I am listening to After by Steven Brill. It is a day-by-day account of the first year after the 9-11 terrorist attacks. He profiles the lives of various regular people--widows, brothers of fallen firemen, INS agents and top people in the Bush administration. You might think there would not be anything really new here, but there is to me---and I thought I followed this closely:

* the truly frightening aspects of John Ashcroft as attorney general. The man had no grasp of or great concern for the Bill of Rights. Nor did many members of his staff. His top aides did have nice cards on their desks for visitors that contained Christian messages.
* the depth of incompetence at the INS
* what appears to be the genuine concern, care and certain skill of Kenneth Fineberg, the man who oversaw the Victim's Compensation Fund
* the contrast between George W and Bill Clinton. W defines what it means to delegate decision-making.

Light

Does anyone have a free airplane ticket to Paris?

Saturday, April 02, 2005

CNN: Catholic News Network

Hagiography v. Facts

Me thinks the CNN anchors and producers have been drinking from the holy water font.

How else to explain the mawkish, fawning, softball questioning and phoney baloney anchor blather over the death of Pope John Paul?

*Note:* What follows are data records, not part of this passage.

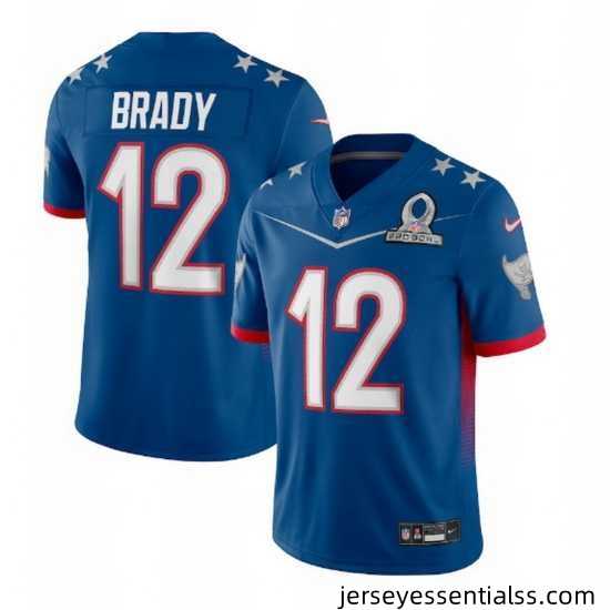 Feast your eyes on the wonder of Alluring 2022 NFL Pro Bowl Tampa Bay Buccaneers #12 Tom Brady NFC Blue Jersey engineered to keep you in style through every thrilling play. Boasting F.U.S.E Stitched collectibles, Super Bowl – related gear, NFL merchandise, it is an absolute must – have for die – hard fans!
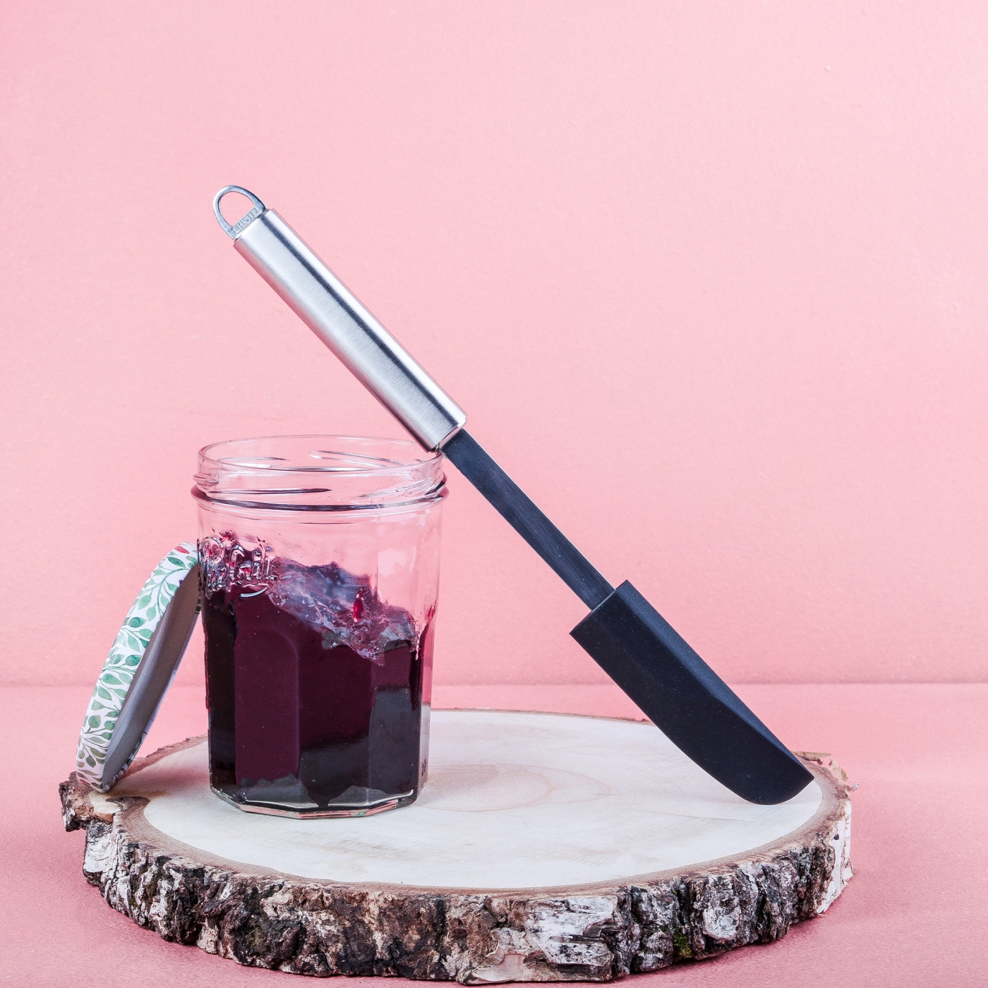 Lollipop aus rostfreiem Stahl und Silikon. Seine schlanke Form ermöglicht den Zugriff auf den Inhalt von Flaschen und kleinen Dosen und hilft, Lebensmittelabfälle zu reduzieren.
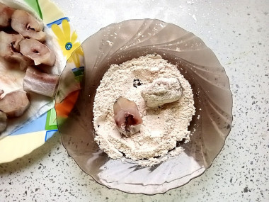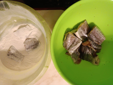 В муке удобно панировать таким образом: насыпать в чашку среднего размера просеянную муку и положить сверху кусочки рыбы сверху и круговыми движениями слегка потрясти, тогда рыба равномерно покроется мукой, а руки останутся чистыми.
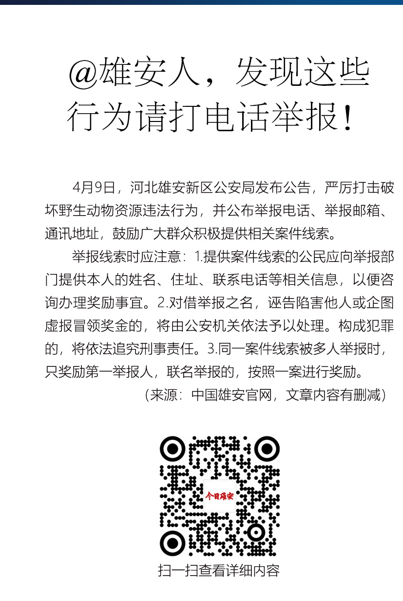 雄安新区公安机关严厉打击破坏野生动物资源违法行为向社会群众公布举报电话的公告
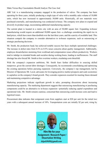 Make Versus Buy Casestudents Should Analyze The Case And ABC
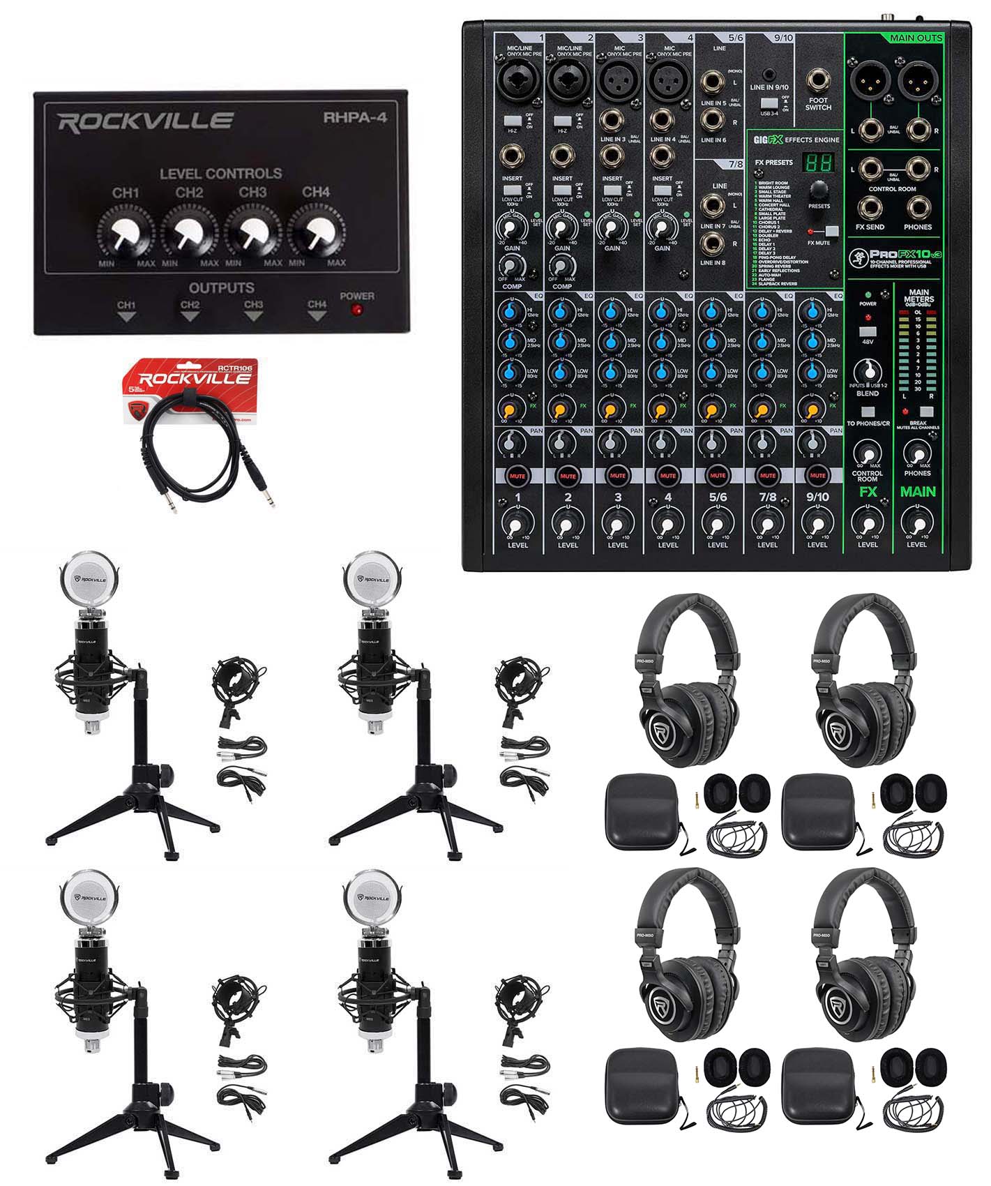 Package: Mackie ProFX10v3 10-Channel Professional Effects Mixer w/USB ProFX10 v3 + (2) Rockville RCM03 Pro Studio Recording Condenser Microphone Mic With High Quality Metal Construction and Shock Mount + (2) Rockville PRO-M50 Studio Headphones w/ Detachable Coil Cable, Case+Extra Ear Pad + (2) Rockville RDTS Adjustable Height Studio Desktop Tripod Microphone Stand and Mic Clip + Rockville RHPA4 4 Channel Professional Headphone Amplifier Stereo or Mono Amp + Rockville RCTR106B 6' 1/4'' TRS to 1/4'' TRS Balanced Cable, Black, 100% Copper
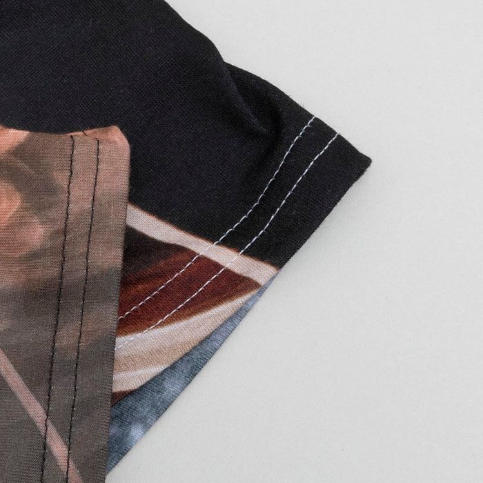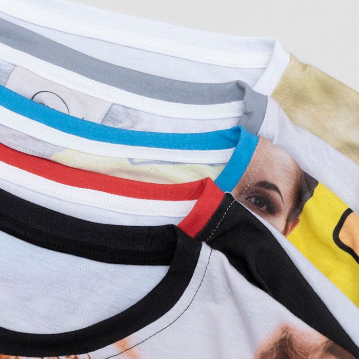 Våra skickliga tekniker tar din färdiga design och trycker den antingen på hela fram- och baksidan på din tröja, eller med ett rektangulärt, klassiskt tryck på framsidan. Du kan glömma tramsiga tröjor där trycket lätt gnuggas av eftersom de här tröjorna är skapade för att visa upp dina foton i flera, flera år. Färgämnena trycks djupt in i tygets fibrer och försäkrar att ditt tryck ser bra ut tvätt efter tvätt. Allting skärs ut och sys ihop för hand av våra skickliga sömmerskor och du kan välja mellan fem olika färger på halslinningen. Du kan välja mellan tre olika tyger: Lifestyle Recycled Poly Jersey 160gsm, Bounce Cotton Jersey 170gsm eller Supima Cotton Candy Jersey 160gsm. På grund av att alla våra produkter tillverkas för hand så kan vi inte garantera att bilder och mönster matchar varandra perfekt vid sömmarna, inklusive på axlarna.
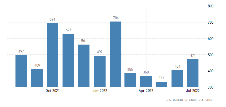 Nel settore non agricolo privato i posti di lavoro creati a luglio sono stati 471 mila, anche in questo caso oltre al consensus fissato a 230 mila e al dato di giugno di 404 mila (rivisto da 381 mila). I dati sono rilasciati dall’U.S. Bureau of Labor Statistics.
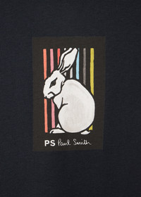 Dark Navy Cotton 'Rabbit Stripe' Print T-Shirt

If CNN were looking for a 'reason' to fire Paula Zahn (and only a blind and deaf person would have to search for more than 10 minutes), they have a complete rap sheet on her today. Her anchoring has been so insipid, so aimed at getting stodgy, garrulous priests to 'FEEL' that even she has topped any of her previous CNN moments. In a sick paradox, the nadir of her work has reached its pinnacle today.

I especially like the oleaginous Aaron Brown who even proclaimed a blathering line by a bishop as 'perfect.'

CNN has abandoned contextual reporting for days of repeating the same boring empty rhetoric about the pope, his reign and his death. This creates an impression on people, where being nice replaces being critical, fair and complete.

Best coverage of the day? NPR's Sylvia Paggiaoli who crafted an unvarnished, non-sentimental recounting of the pope. Look, he was a very, very conservative guy who stood in the way of increased roles for women in the church, firmly against homosexuals, birth control and abortion. His slow response to the child sexual abuse by priests was appalling.

I'll give him this: he travelled more than any pope and seemed to work his ass of for the church.

Seeing a Pope

I saw one pope, Pope Paul VI.

At Castelgandolfo, the pope's summer residence outside of Rome. 1971.

And it was complete pandemonium. I remember waiting for what seemed like hours against the rope line where the pope would walk by and bless the crowd. As the buzz swept the crowd that he was coming, two or three ancient German nuns began trying to butt in front of us. They were like jacked up kids at a Kurt Cobain concert.

I was so shocked at being battered, pushed, elbowed by these habit-wearing linebackers, I barely recall seeing the pope shuffle past.

The lesson: don't get between a German nun and her pope.